Philip K. Dick on the Need to Confront Reality

W.J. Astore

Climate Change and Nuclear War Aren’t Going Away

A friend sent along an article on Philip K. Dick, the science fiction author whose works have been turned into Hollywood films like “Blade Runner” and “Minority Report.” Dick had this to say about societal trends toward narrative construction and information control:

“We live in a society in which spurious realities are manufactured by the media, by governments, by big corporations. We are bombarded with pseudo-realities manufactured by very sophisticated people using very sophisticated electronic mechanisms. I do not distrust their motives. I distrust their power. They have a lot of it. And it is an astonishing power: that of creating whole universes, universes of the mind. I ought to know. I do the same thing.”

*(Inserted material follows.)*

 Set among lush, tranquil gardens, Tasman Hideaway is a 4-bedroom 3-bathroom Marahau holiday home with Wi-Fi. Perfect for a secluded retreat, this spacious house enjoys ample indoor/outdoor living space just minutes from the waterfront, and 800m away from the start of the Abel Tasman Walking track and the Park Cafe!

Dick wrote this in the 1970s. If he were writing today, I’m guessing he’d add that he distrusted their motives as well as their power.

Philip K. Dick

False narratives and pseudo-realities are everywhere. Today at TomDispatch, Noam Chomsky highlights the false narrative that global warming simply doesn’t exist, or that it does exist but that it’s a completely natural process that humans can do nothing about. This is perhaps the most dangerous false narrative we face today. That we can simply ignore humanity’s impact on nature—which is convenient for those profiting from the exploitation of the earth’s resources, such as fossil fuels.

Another pseudo-reality we face is that America’s national security is constantly threatened by “near-peer” rivals bent on our destruction. This “reality” drives colossal military spending as next year’s Pentagon budget soars toward $900 billion. A related “reality” is that the world is made safer by more thermonuclear warheads and weapons, a false narrative that the Pentagon is betting on to the tune of $2 trillion over the next thirty years.

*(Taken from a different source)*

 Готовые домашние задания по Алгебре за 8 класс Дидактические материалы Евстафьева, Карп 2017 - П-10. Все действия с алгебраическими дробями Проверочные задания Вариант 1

Why generate this pseudo-reality? Because the Pentagon gains power and corporations profit greatly. Meanwhile, regular working folk, whose lives could be improved and empowered by a $2 trillion investment in their health and well-being, are left to struggle and suffer. They are, in a word, disempowered.

I remain at a loss how Joe Sixpack’s life is made better by B-21 stealth bombers, Sentinel ICBMs, and Columbia-class nuclear-missile-firing submarines.

With Donald Trump’s peccadilloes once again dominating the news cycle, essential stories about climate change and Armageddon-enabling nuclear weapons are mostly ignored. We are encouraged to take sides, for or against, an aging con man and his payola to a porn star and a Playboy bunny; we are told this is a matter of grave national concern requiring wall-to-wall media coverage, even as natural disasters exacerbated by climate change surge around us and even as nuclear war grows ever more possible.

Time to face reality, America. As Dick also wrote, “Reality is that which, when you stop believing in it, doesn’t go away.” Those nuclear weapons aren’t going away, nor is the threat of climate change.